Attendees heard from moderator Eric Alexander, Vision Long Island’s executive director, and panelists Martins; Charles Bartha, an engineer and infrastructure expert; architect Alex Latham; attorney and MTA board member Mitch Paley and developer Vince Polimeni on the virtues of building housing near railroad stations to create walkable communities.

The success of Mineola’s master plan and overlay district, which encourages residential development in the village’s transit-centric downtown, was one of the topics. Now that the village is seeking proposals for new housing, even allowing for flexibility in zoning requirements, residential developers are focusing on Mineola.


With the return of the U.S. Open to Bethpage next year, rumors are circulating about a Ladies Professional Golfers Association tour event coming to Long Island in the near future.

But it’s just rumor, according to Michael Pascucci, the owner of Sebonac Golf Club in Southampton, where the women’s golf tournament was supposed to be headed.

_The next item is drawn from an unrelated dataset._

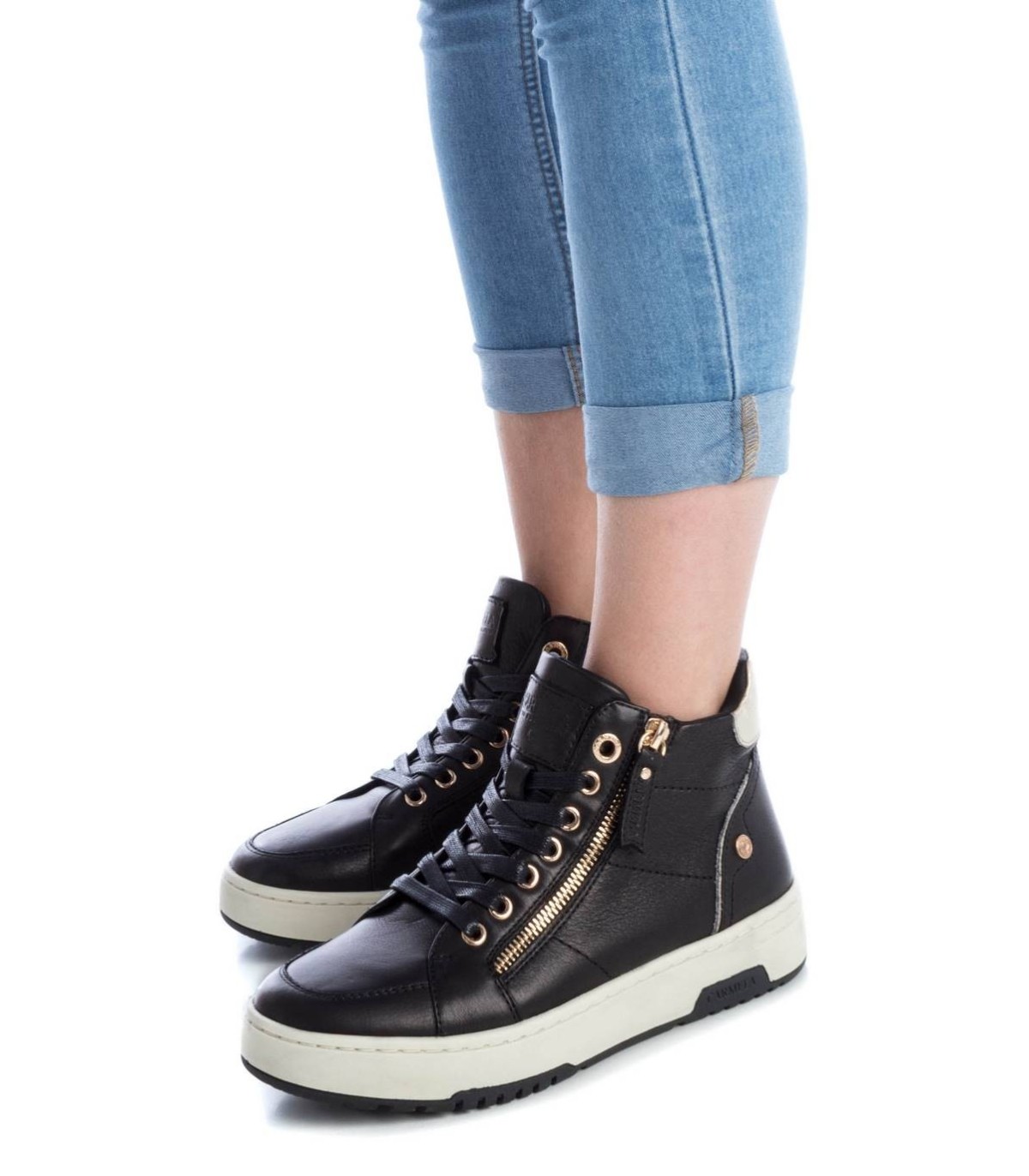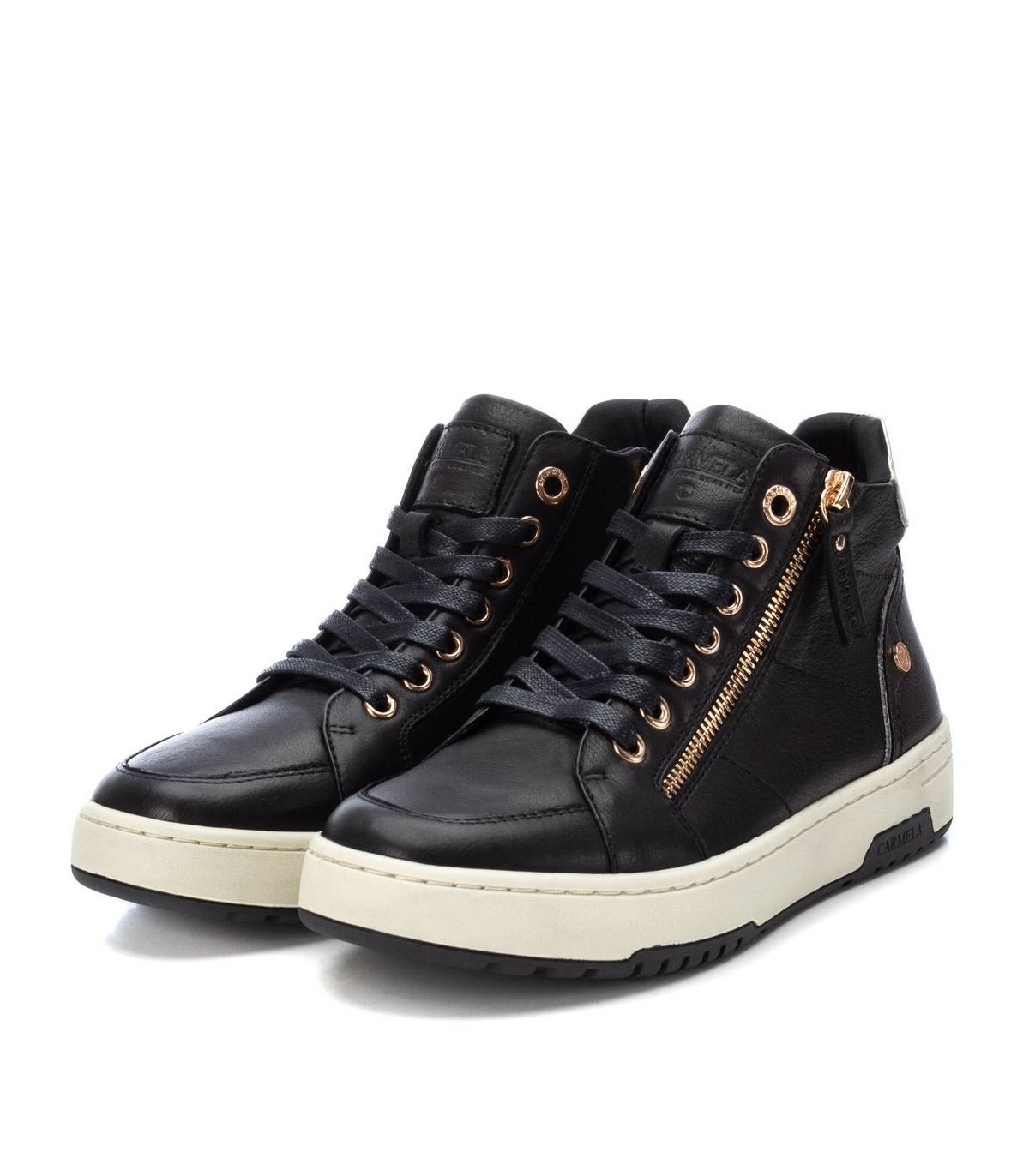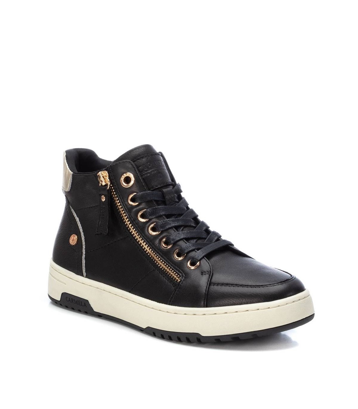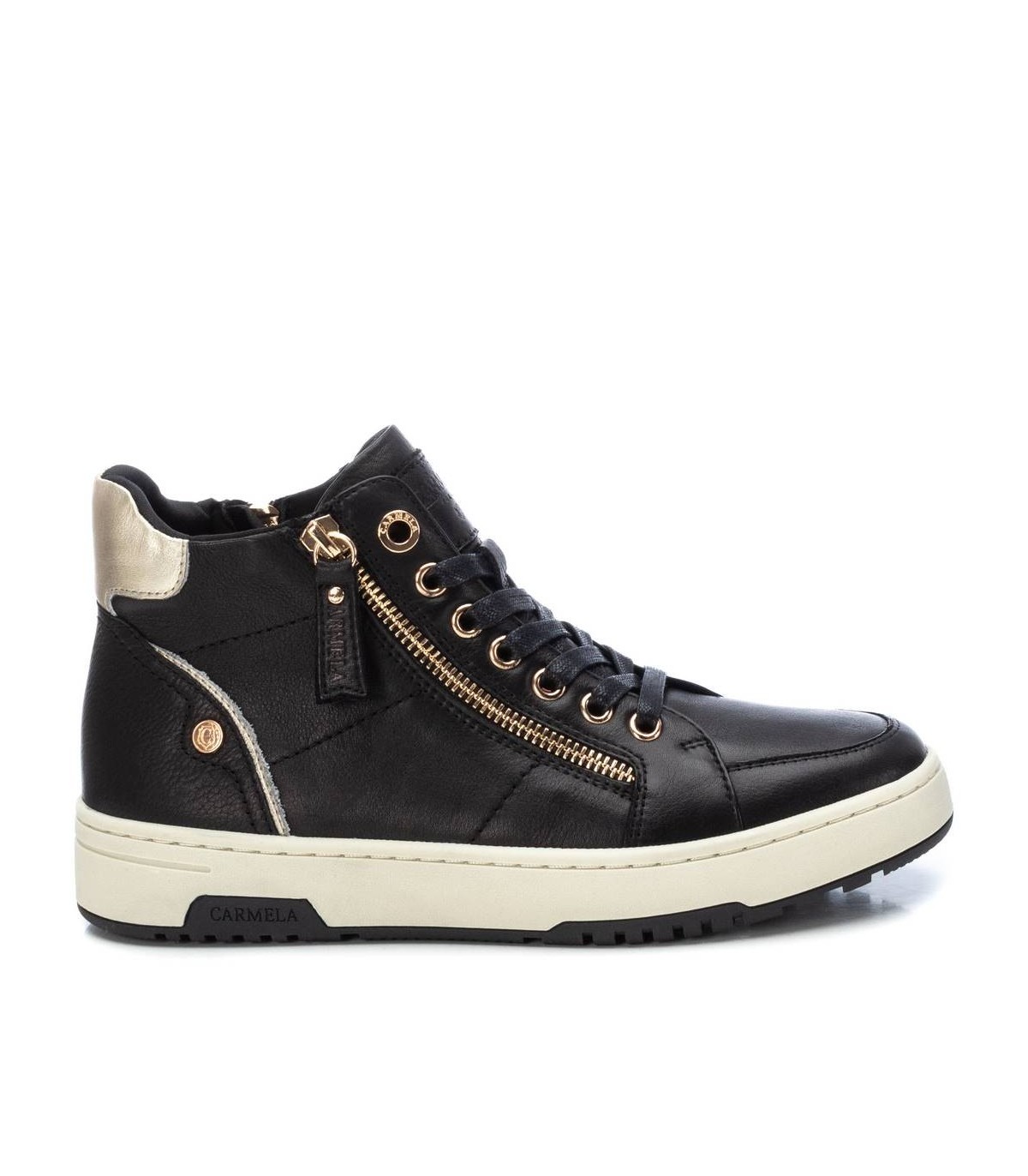 Botín deportivo de mujer, de la marca Carmela. Fabricado en piel de alta calidad. Cierre mediante cremallera lateral y cordones ajustables. Cremallera decorativa en el lateral exterior. Suela de goma antideslizante.

Opened in 2006, Sebonac is a 7,286-yard, par 72 layout designed by Jack Nicklaus and Tom Doak. The LPGA didn’t return a request for comment.

Printer expands

Antares Information Technologies, a corporate printer in Central Islip, said it will create 105 jobs and spend $12 million in renovations and equipment within the next five years.

The company is seeking Town of Islip Empire Zone benefits to enable the expansion. Founded in 1997, Antares has 475 employees and services major banks and other financial institutions.

Antares headquarters on Motor Parkway would undergo renovations and get new equipment to accommodate an increase in demand for commercial printing.

H2M takes the field

Engineering and architectural specialists H2M will be one of the lead architects on a major renovation planned for a 50-acre athletic field in Brentwood.

The park renewal on the corner of Crooked Hill Road and Community College Drive will include new playing fields, concessions stands, maintenance buildings, an announcer building, playgrounds, picnic areas and parking. Melville-based H2M will also serve as project engineer.

Plans for the parkland property were unveiled at a public meeting at Suffolk County Community College last month. The property was originally part of the Pilgrim State Psychiatric Center.

Home prices slip

January statistics show a $417,500 closed median home price for Long Island, the lowest since April 2005 when it was $415,000, according to the Multiple Listing Service of Long Island.

January’s closed median price is 4.6 percent lower than the January 2007 closed median home price which was $437,800.

Suffolk County reported a closed median home price last month of $373,500, a 6 percent decrease from a year ago, when the closed median price was $397,500.

Nassau saw a smaller decline. Its January 2008 closed median price was $440,000, down 2.2 percent from a year ago.

Real Deals

Capital Management Development will redevelop a blighted three-story property in Patchogue into a five-story, 50,000-square-foot self-storage facility.

Carro Associates received $1.21 million for the property located at 270 West Main Street, on the corner of Route 112.